The primary use case for this cluster is radosgw. 6
OSD nodes, 22 OSDs
per node, of which 20 are SAS spinners and 2 are NVMe
devices. Cluster
has been deployed with ceph-ansible stable-3.1, we're
using
"objectstore: bluestore" and "osd_scenario:
collocated".
We're using a "class hdd" replicated CRUSH ruleset for
all our pools,
except:
- the bucket index pool, which uses a replicated
"class nvme" rule, and
- the bucket data pool, which uses an EC
(crush-device-class=hdd,
crush-failure-domain=host, k=3, m=2).
We also have 3 pools that we have created in order to
be able to do
benchmark runs while leaving the other pools
untouched, so we have
- bench-repl-hdd, replicated, size 3, using a CRUSH
rule with "step take
default class hdd"
- bench-repl-nvme, replicated, size 3, using a CRUSH
rule with "step
take default class nvme"
- bench-ec-hdd, EC, crush-device-class=hdd,
crush-failure-domain=host,
k=3, m=2.
Baseline benchmarks with "ceph tell osd.* bench" at
the default block
size of 4M yield pretty exactly the throughput you'd
expect from the
devices: approx. 185 MB/s from the SAS drives; the
NVMe devices
currently pull only 650 MB/s on writes but that may
well be due to
pending conditioning — this is new hardware.
Now when we run "rados bench" against the replicated
pools, we again get
exactly what we expect for a nominally performing but
largely untuned
system.
It's when we try running benchmarks against the EC
pool that everything
appears to grind to a halt:
http://paste.openstack.org/show/738187/
After 19 seconds, that pool does not accept a single
further object.

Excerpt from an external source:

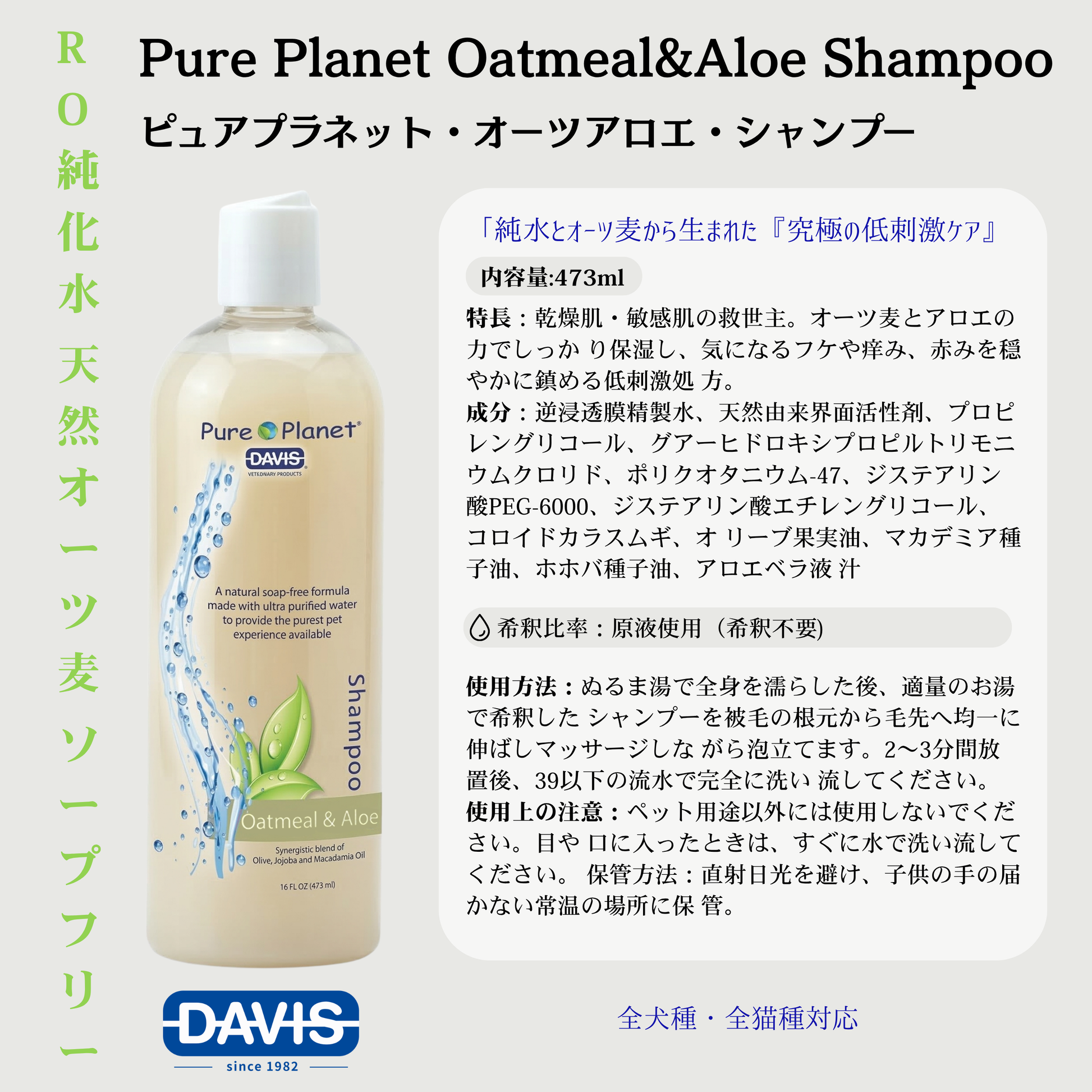 ピュアプラネット・オーツアロエシャンプー・犬猫用シャンプー(ピュア・オーツアロエ)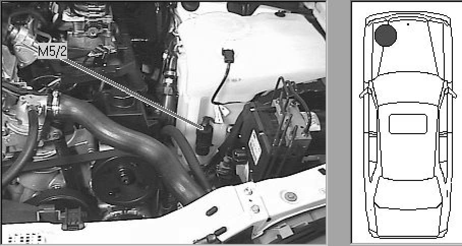 Engine compartment, front of washer reservoir

We
simultaneously see slow request warnings creep up in
the cluster, and
the only thing we can then do is kill the benchmark,
and wait for the
slow requests to clear out.
We've also seen the log messages discussed in
http://lists.ceph.com/pipermail/ceph-users-ceph.com/2018-August/028972.html,
and they seem to correlate with the slow requests
popping up, but from
Greg's reply in
http://lists.ceph.com/pipermail/ceph-users-ceph.com/2018-August/028974.html
I'm assuming that that's benign and doesn't warrant
further investigation.
Here's a few things we've tried, to no avail:
- Make sure we use the latest Luminous release (we
started out on Bionic
and 12.2.7, then reinstalled systems with Xenial so we
could use 12.2.10).
- Enable Bluestore buffered writes
(bluestore_default_buffered_write =
true); buffered reads are on by default.
- Extend the BlueStore cache from 1G to 4G
(bluestore_cache_size_hdd =
4294967296; each OSD box has 128G RAM so should not
run into memory
starvation issues with that).
But those were basically "let's give this a shot and
see if it makes a
difference" attempts (it didn't).
I'm basically looking for ideas where even to start
looking. So if
anyone can guide us into the right direction, that
would be excellent.
Thanks in advance for any help you can offer; it is
much appreciated!
Cheers,
Florian